Approximating the summation of the logarithm of a function

Question

I am working through a textbook for self-study and came across an approximation that I'm unsure how to solve $$ \sum_{n=1}^{N} \mathrm{ln}[A - (n-1)\epsilon ] = N \mathrm{ln}[A - (N-1)\epsilon/2] + \mathcal{O}(\epsilon^{2}), $$ where $A$ and $\epsilon$ are positive constants. We can assume $N\epsilon \ll A$. I tried using the Euler-Maclaurin sum formula but I can't get the approximation back. I'm starting to think there's something simple that I missed, perhaps with a geometric summation. Thoughts?

Answer 1

We can rewrite our sum as a product, using this equation from Wikipedia.

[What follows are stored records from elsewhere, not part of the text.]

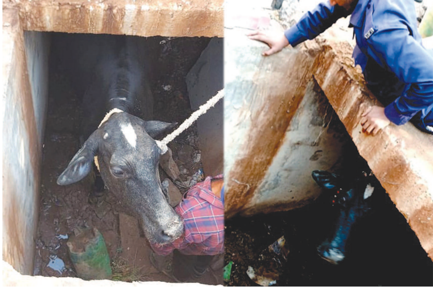
સેક્ટર-૧૫ કોલેજની પાછળના વિસ્તારમાં એક ગાય પાડામાં પડી ગઈ હતી. ફાયરબ્રિગેડના જવાનોએ તેને ભારે જહેમત બાદ ઉગારી હતી.

ગાંધીનગર, તા. ૨૭ ચંદ્રલાના કોર્ટ પર વાહન ચેકીંગ દરમિયાન ઈલેક્ટ્રીક સામાનની આડમાં કન્ટેનરમાં બે પાસંલમાંથી ૪૨ બોટલ દારૂની મળી આવી છે. પોલીસે રૂ. ૪૭,૪૮૦ નો મુદ્દામાલ કબ્જે કરી આગળની તપાસ હાથ ધરી છે. ચિલોડા-હિંમતનગર હાઈવે માર્ગ પર ચંદ્રલા નાકા પોર્ટ પર વાહન ચેકીંગની કામગીરી ચાલી રહી હતી. તે દરમિયાન હિંમતનગર તરફથી આવી રહેલા બંધ બોડીના ટાટા કંપનીના કન્ટેનર નં. એચ. આર. ૫૫. ૩૭૯૫. - ૪૮૨૬ ને ઊભું રખાવ્યું હતું. ત્યારબાદ ડ્રાઈવરને નીચે ઉતારી કન્ટેનર ચેક કરતા તેમાં નાના મોટા અલગ પાસંલ ભરેલા હતા. આ ઈલેક્ટ્રીક પાસંલમાં બે પાસંલ શંકાસ્પદ લાગ્યા હતા. આ પાસંલોને નીચે ઉતારી ચેક કરતા તેમાંથી વિદેશી દારૂની ૪૨ બોટલ મળી આવી હતી. ડ્રાઈવરને પાસંલ અંગે પુછપરછ કરતા જ્યુર ગોલ્ડન ટ્રાન્સપોર્ટની જયપુર ઓફિસ ખાતેથી મહાલક્ષ્મી ઈલેક્ટ્રીકલના યોજાએ આ પાસંલ નડીયાદ ડુમરાલ બજાર કિષ્કા માર્કેટિંગવાળાએ મંગાવ્યું હોવાની હકીકત જાણવા મળી હતી. પોલીસે પ્રોહી એક્ટ મુજબ ગુનો નોંધી આગળની તપાસ હાથ ધરી છે.
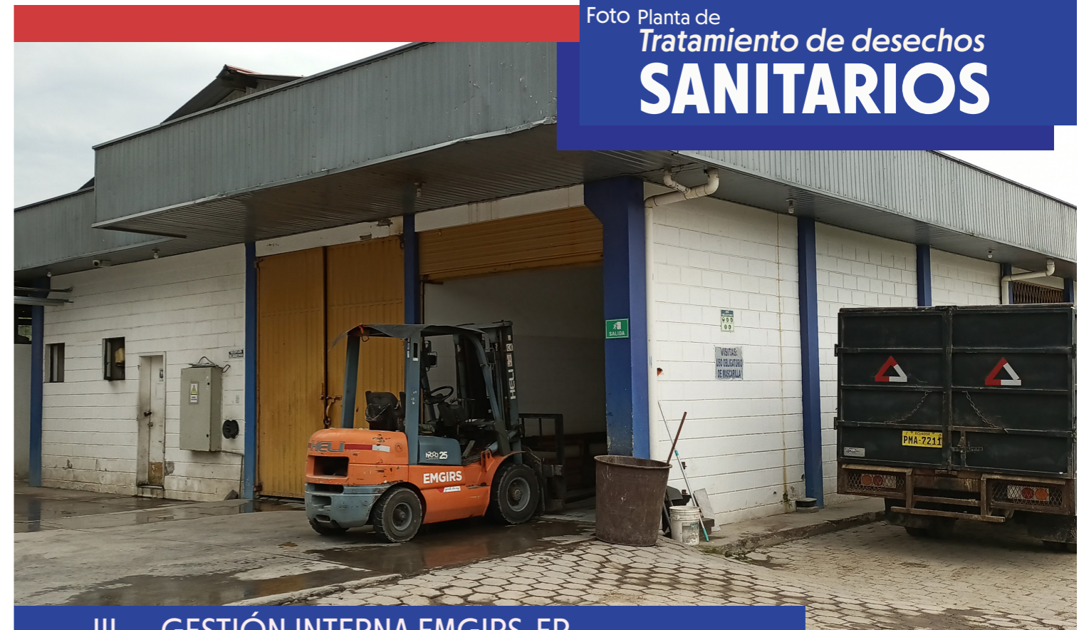
Foto Planta de Tratamiento de desechos SANITARIOS

Los clientes de las escombreras responden básicamente a 2 grandes fuerzas o grupos sociales y comerciales de la ciudad, el primero es el gremio de transportistas quienes llevan los escombros que produce la ciudad hasta las escombreras y el otro grupo es el de constructores del DMQ, quienes según las estadísticas de la EMGIRS EP, generan la mayor cantidad de ingresos por servicios preparados en la ciudad.
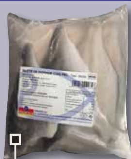
Filet d'orada bossa 800 Gr
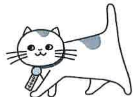
行政書士マスコット ユキマサくん
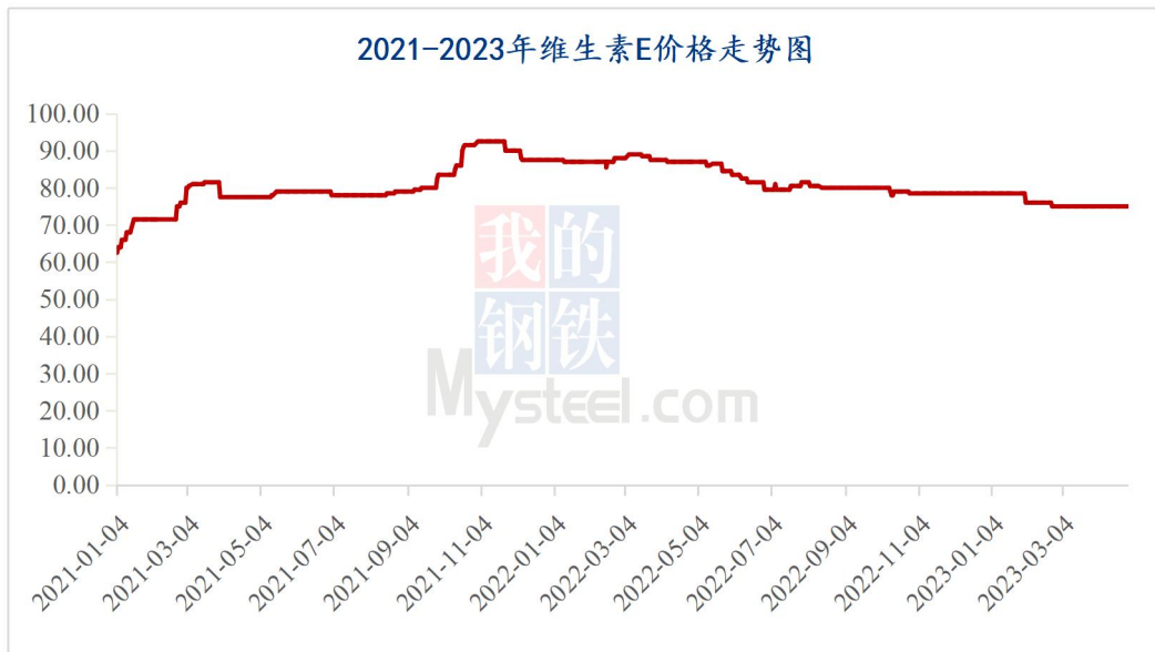
图 2 2021-2023 年维生素 E 价格走势图
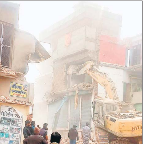
कोटपूतली नगरपालिका ने आजाद चौक पर सड़क किनारे बनी इमारतों और दुकानों को तोड़ने की कार्रवाई की।
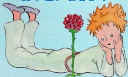
イラスト 『星の王子様』より
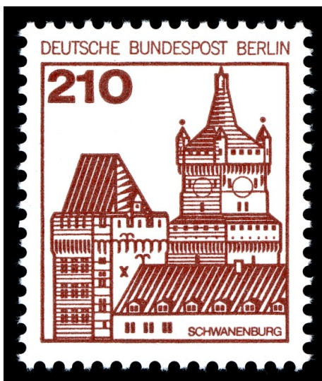
Schematische Darstellung der Schwanenburg Kleve auf einer Briefmarke der Dauermarkenserie "Burgen und Schlösser" der Deutschen Bundespost Berlin von 1979.
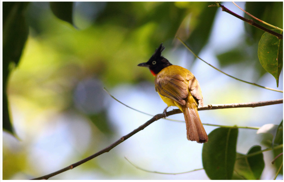
นกปรอดเหลืองหัวจุก : Black-crested Bulbul : Pycnonotus flaviventris
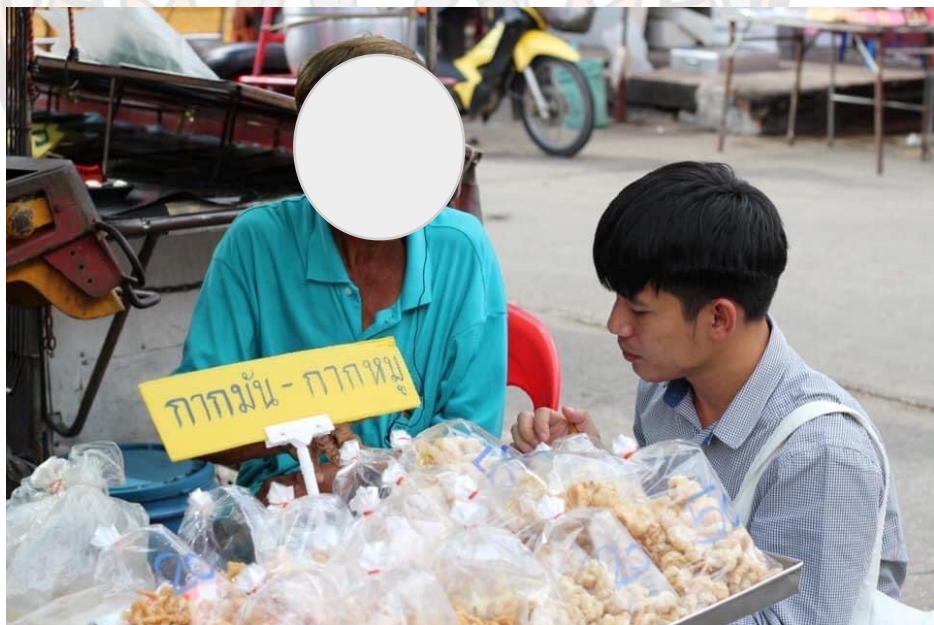
ภาพที่ 2 การลงพื้นที่เก็บข้อมูล

ผู้ค้าหาบเร่แผงลอยขายกากมัน กากหมู เก็บข้อมูลโดยผู้วิจัย เมื่อวันที่ 30 กันยายน 2563
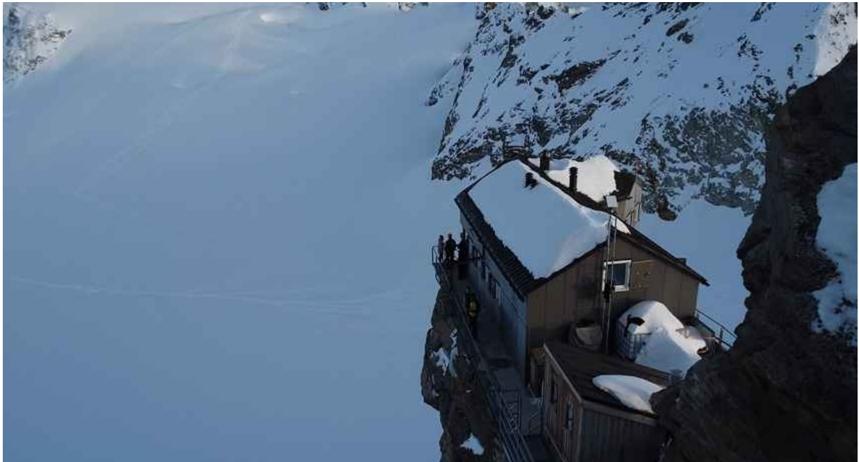
La Cabane de Bertol, come un nido d'aquila

Alcuni rifugi erano più accoglienti, altri spartani, spesso senza acqua di fusione per lavarsi. Ma ogni arrivo è stato un traguardo. Sempre lo stupore di un'alba o di un tramonto ci ha lasciati senza parole.
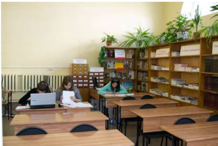
Читальный зал библиотеки института

Для самостоятельной работы студентов и углубления знаний, полученных на занятиях, в учебном корпусе № 1 расположена библиотека с читальным залом.
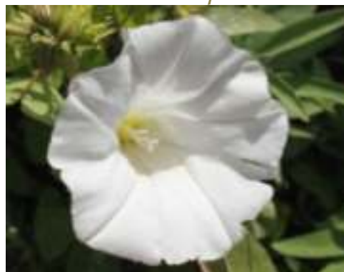
Liseron des haies ( Convolvulus sepium )

$$\prod_n{f(n)} = \exp\left( \sum_n{( \log{f(n)} )} \right) \tag{1}$$ $$\sum_n{( \log{f(n)} )} = \ln{ \left( \prod_n{f(n)} \right) } \tag{2}$$

So we get

$$\ln{ \left( \prod_n{ \ln[A-(n-1)\epsilon] } \right) } \tag{3}$$ $$\ln{ \Big( \ln[A-0\epsilon] \cdot \ln[A-1\epsilon]\cdots \ln[A-(N-1)\epsilon] \Big) } \tag{4}$$ $$\ln{ \Big( \ln \Big[(A-0\epsilon) + (A-1\epsilon) + \dots + (A-(N-1)\epsilon) \Big] \Big) } \tag{5}$$ $$\ln{ \left( \ln \left[ NA-\frac{N^2+N}{2}\epsilon - N\epsilon/2 \right] \right) } \tag{6}$$ $$\ln{ \left( \log{(N)}\epsilon/2 + \ln \left[ \frac{A}{\epsilon/2}-N \right] \right) } \tag{7}$$ $$\epsilon/2 + \ln{ \left( \log{(N)} + \ln \left[ \frac{A-N \epsilon/2}{(\epsilon/2)^2}\right] \right) } \tag{8}$$ $$\epsilon/2 + \ln{ \left( \log{(N)} + \ln \left[ A-N \epsilon/2\right] + O((\epsilon/2)^2)\right) } \tag{9}$$ $$O((\epsilon/2)^2) + \ln{ \left( \log{(N)} + \ln \left[ A-N \epsilon/2\right] \right) } \tag{9}$$ $$O((\epsilon/2)^2) + \ln{ \left( \ln \left[ (A-N \epsilon/2\right)^N] \right) } \tag{10}$$

Now we can reverse the operation we did between (2) and (3) to get

$$O((\epsilon/2)^2) + \sum_{n=1}^N{ \ln \left[ A-N \epsilon/2 \right] } \tag{11}$$ $$N \ln \left[ A-N \epsilon/2 \right] + O(\epsilon^2) \tag{12}$$

This wasn't obvious to me!

Answer 2

Here's some naive fiddling.

Writing $c$ for $\epsilon$ because lazy, using $=\ln(1-c)=-c+O(c^2)$, and assuming that $c \to 0$,

$\begin{array}\\ \sum_{n=1}^{N} \ln[A - (n-1)c ] &=\sum_{n=1}^{N} (\ln(A)+\ln[1 - (n-1)c/A ]\\ &=N\ln(A)+\sum_{n=1}^{N} \ln(1 - (n-1)c/A)\\ &=N\ln(A)-\sum_{n=1}^{N} ((n-1)c/A+O(c^2)))\\ &=N\ln(A)-N(N-1)c/(2A)+O(Nc^2) \qquad\text{assuming the big-oh is uniform}\\ &=N(\ln(A)-(N-1)c/(2A))+O(Nc^2)\\ &\approx N(\ln(A)+\ln(1-(N-1)c/(2A))+O(Nc^2)\\ &= N(\ln(A(1-(N-1)c/(2A)))+O(Nc^2)\\ &= N(\ln(A-(N-1)c/2))+O(Nc^2)\\ \end{array} $